## TASK DESCRIPTION
Lines from the line with "경상남도 고성군 삼산면" to the line with "Come join us" in the entries below, and only those, must be output exactly, with both ends included.

-------- MATERIAL SUPPLIED --------

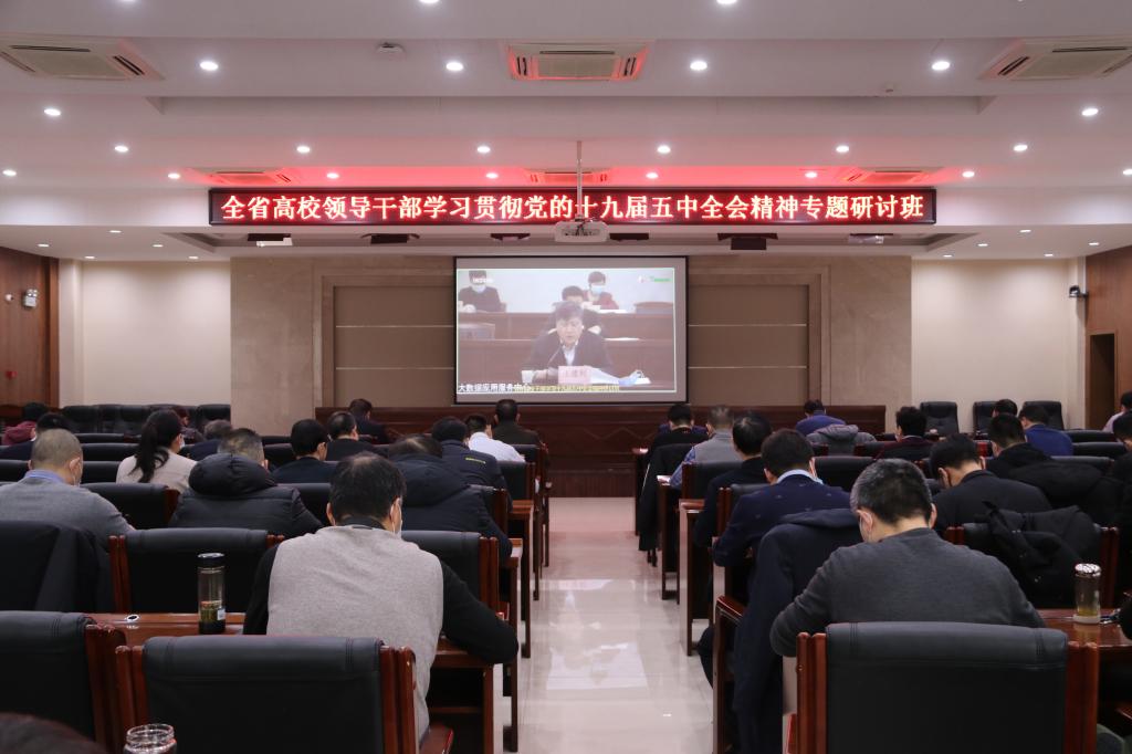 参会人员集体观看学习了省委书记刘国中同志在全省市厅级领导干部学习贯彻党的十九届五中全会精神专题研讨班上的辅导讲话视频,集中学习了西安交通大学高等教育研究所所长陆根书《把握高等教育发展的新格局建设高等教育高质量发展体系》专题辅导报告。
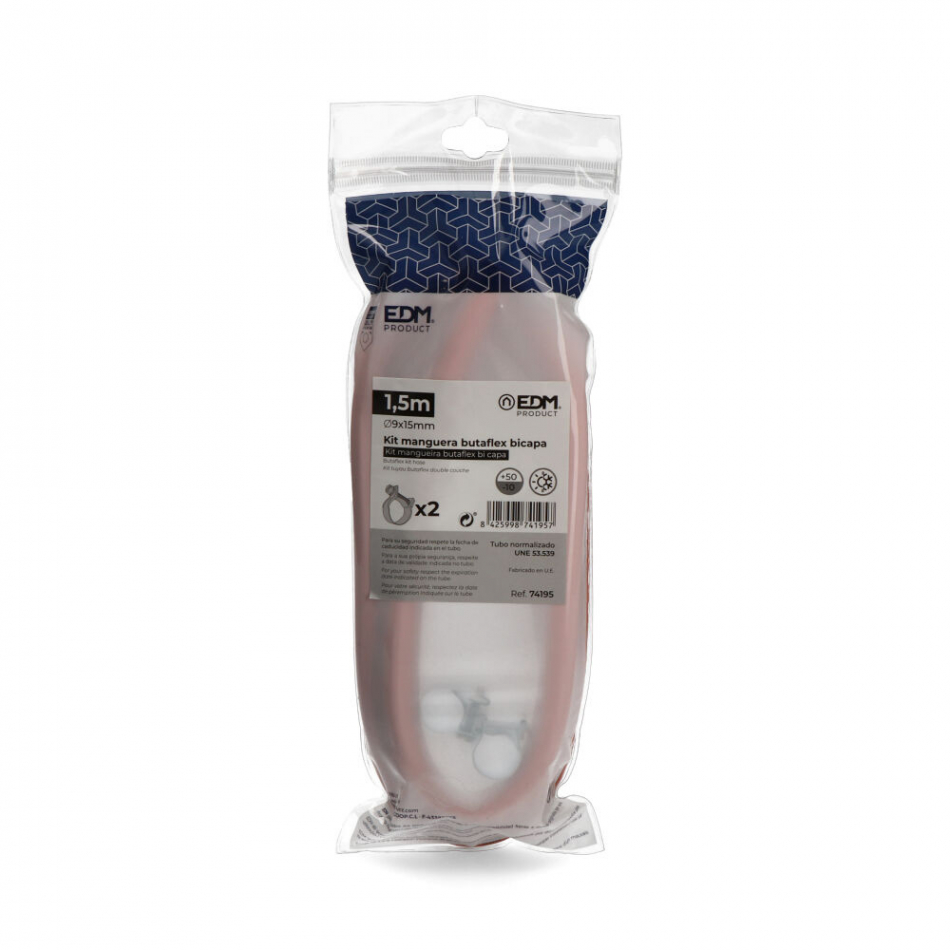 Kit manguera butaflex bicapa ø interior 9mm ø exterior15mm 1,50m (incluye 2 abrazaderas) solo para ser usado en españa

--------
-------- MATERIAL SUPPLIED --------

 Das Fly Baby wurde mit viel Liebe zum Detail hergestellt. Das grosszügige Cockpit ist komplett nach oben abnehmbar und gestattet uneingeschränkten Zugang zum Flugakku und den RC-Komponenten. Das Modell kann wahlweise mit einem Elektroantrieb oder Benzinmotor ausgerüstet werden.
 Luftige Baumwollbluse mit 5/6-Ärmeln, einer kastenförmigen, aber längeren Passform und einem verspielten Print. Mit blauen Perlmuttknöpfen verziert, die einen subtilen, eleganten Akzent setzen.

--------
-------- MATERIAL SUPPLIED --------

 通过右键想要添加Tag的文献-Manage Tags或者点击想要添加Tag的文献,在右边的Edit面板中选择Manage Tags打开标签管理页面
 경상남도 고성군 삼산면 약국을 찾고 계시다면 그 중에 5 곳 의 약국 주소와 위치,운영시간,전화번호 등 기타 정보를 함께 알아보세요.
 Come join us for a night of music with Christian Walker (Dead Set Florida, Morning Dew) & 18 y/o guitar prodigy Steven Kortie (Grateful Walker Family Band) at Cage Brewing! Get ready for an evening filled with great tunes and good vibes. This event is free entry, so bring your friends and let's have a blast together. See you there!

--------

## ANSWER TO THE PROBLEM
 경상남도 고성군 삼산면 약국을 찾고 계시다면 그 중에 5 곳 의 약국 주소와 위치,운영시간,전화번호 등 기타 정보를 함께 알아보세요.
 Come join us for a night of music with Christian Walker (Dead Set Florida, Morning Dew) & 18 y/o guitar prodigy Steven Kortie (Grateful Walker Family Band) at Cage Brewing! Get ready for an evening filled with great tunes and good vibes. This event is free entry, so bring your friends and let's have a blast together. See you there!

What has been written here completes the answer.